Notwithstanding the foregoing, the Committee shall have the power, in its discretion, to apply different rules concerning the consequences of a Termination of Employment; provided, however, that if such rules are less favorable to the Participant than those set forth above, such rules shall be set forth in the applicable Award Agreement.
SECTION 6. Restricted Stock
(a) Nature of Awards and Certificates. Shares of Restricted Stock are actual Shares issued to a Participant, and shall be evidenced in such manner as the Committee may deem appropriate, including book-entry registration or issuance of one or more stock certificates. Any certificate issued in respect of Shares of Restricted Stock shall be registered in the name of the applicable Participant and shall bear an appropriate legend referring to the terms, conditions, and restrictions applicable to such Award, substantially in the following form:
"The transferability of this certificate and the shares of stock represented hereby are subject to the terms and conditions (including forfeiture) of the Lazard Ltd 2005 Stock Incentive Plan and an Award Agreement, as well as the terms and conditions of applicable law. Copies of such Plan and Agreement are on file at the offices of Lazard Ltd."
The Committee may require that the certificates evidencing title of such shares be held in custody by the Company until the restrictions thereon shall have lapsed and that, as a condition of any Award of Restricted Stock, the applicable Participant shall have delivered a stock power, endorsed in blank, relating to the Common Stock covered by such Award.
(b) Terms and Conditions.

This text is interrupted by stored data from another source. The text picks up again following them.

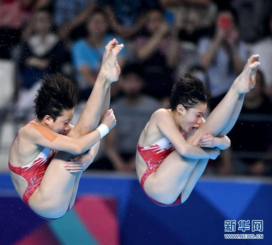 8月28日,中国选手张家齐/掌敏洁在比赛中。 当日,在第18届亚运会跳水女子双人10米跳台决赛中,中国选手张家齐/掌敏洁以361.38分的成绩夺冠。 新华社记者岳月伟摄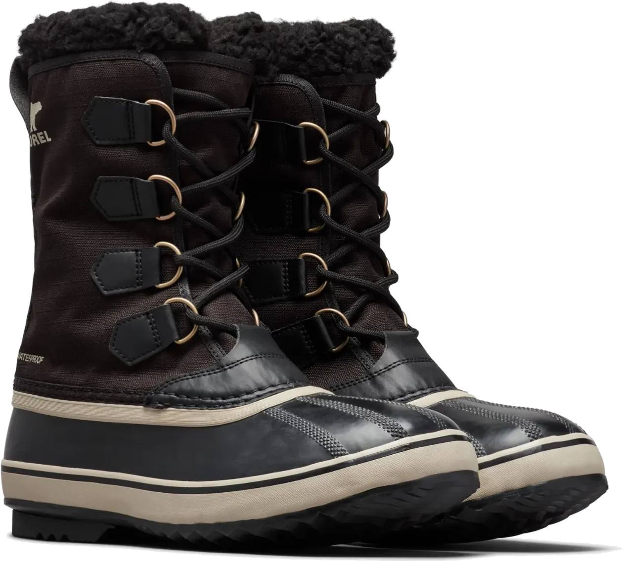 US storlek. Sorel 1964 Pac Nylon – En lätt men varm vinterkänga för män. Den relativt tunna sulan (jämfört med kraftiga vinterstövlar) gör denna nylonversion lätt att strosa runt i. Ovandelen är vattentät canvas. Grundidén med den ursprungliga ”duck boot”-designen finns i 1964 års PAC: den nedre delen, som är mest utsatt för vatten, är gjord av gummi, medan skaftet är gjort vattentätt med behandlat läder. Eftersom denna modell är designad för vinterbruk ingår en avtagbar, tvättbar 9 mm tjock innerstövel av teknisk filt. – Relativt bred modell – Nedre delen av 100% vattentätt gummi – Ovandelen har en Sherpa Pile snömanschett – Avtagbar 9 mm tjock innerstövel i filt
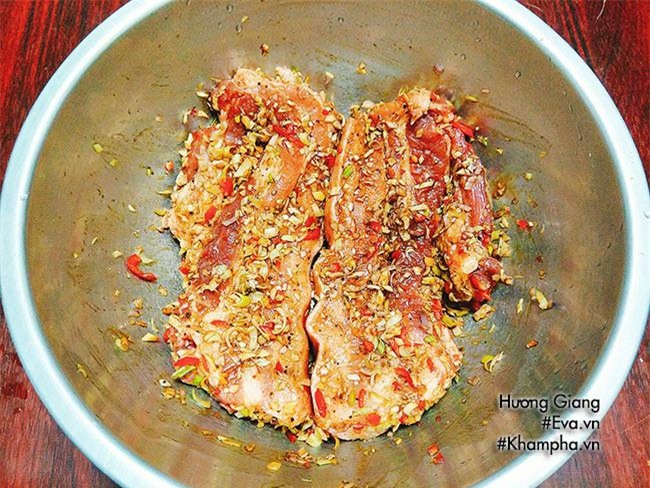 Bước 4: Đeo bao tay và xoa bóp đều khắp miếng thịt để thịt ngấm đều gia vị. Ướp thịt qua đêm hoặc ít nhất 4 tiếng.
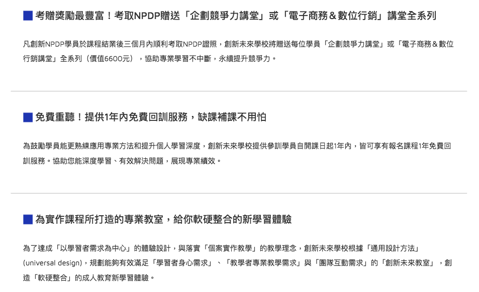凡創新NPDP學員於課程結業後三個月內順利考取NPDP證照,創新未來學校將贈送每位學員「企劃競爭力講堂」或「電子商務&數位行銷講堂」全系列16堂課(價值6600元),1年期間所有「專業經理人實戰系列課程」皆可無限量選修,協助專業學習不中斷,永續提升競爭力。

Shares of Restricted Stock shall be subject to the following terms and conditions:
(i) The Committee may condition the grant or vesting of an Award of Restricted Stock upon the attainment of Performance Goals or upon the continued service of the applicable Participant. The conditions for grant or vesting and the other provisions of Restricted Stock Awards (including without limitation any applicable Performance Goals) need not be the same with respect to each recipient. The Committee may at any time, in its sole discretion, accelerate or waive, in whole or in part, any of the foregoing restrictions.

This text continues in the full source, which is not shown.